This particular bounty was reported as part of GitHub’s private pages private bug bounty. In particular, there were two CTF bonuses:

  • $10k: Reading the flag at flag.private-org.github.io without user interaction. $5k additional bonus if the flag is read from an account outside the private-org organization.
  • $5k: Reading the flag at flag.private-org.github.io with user interaction.

Authentication Flow

Because GitHub pages are hosted on the separate github.io domain, the github.com authentication cookies are not sent to the private pages server. Thus, private page authentication has no way to determine a user’s identity without additional integration with github.com. Hence, GitHub created a custom authentication flow (introducing the possibility of bugs!)
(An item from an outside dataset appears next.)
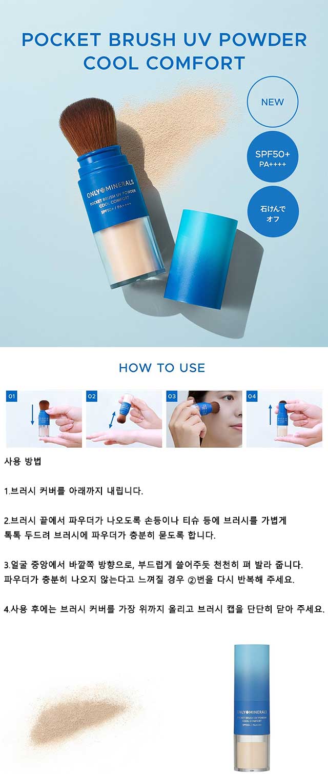 온리 미네랄 ONLY MINERALS 포켓 브러시 UV 파우더 쿨 컴포트 EX01 내추럴 SPF50+ PA++++ 3g (기간한정)

At the time of the report, GitHub’s private page authentication flow was:

More verbosely:

Upon visiting a private page, the server checks for the presence of the __Host-gh_pages_token cookie. If this cookie is not or incorrectly set, the private page server will redirect to https://github.com/login. This initial redirect also sets a nonce stored in the __Host-gh_pages_session cookie.

Note that this cookie uses the __Host- cookie prefix, which (in theory) prevents it from being set from JavaScript against a non-host (parent) domain as an additional defense in depth measure.

/login will then redirect to /pages/auth?nonce=&page_id=&path=. This endpoint then generates a temporary authentication cookie which it passes to https://pages-auth.github.com/redirect in the token parameter. The nonce, page_id, and path are similarly forwarded.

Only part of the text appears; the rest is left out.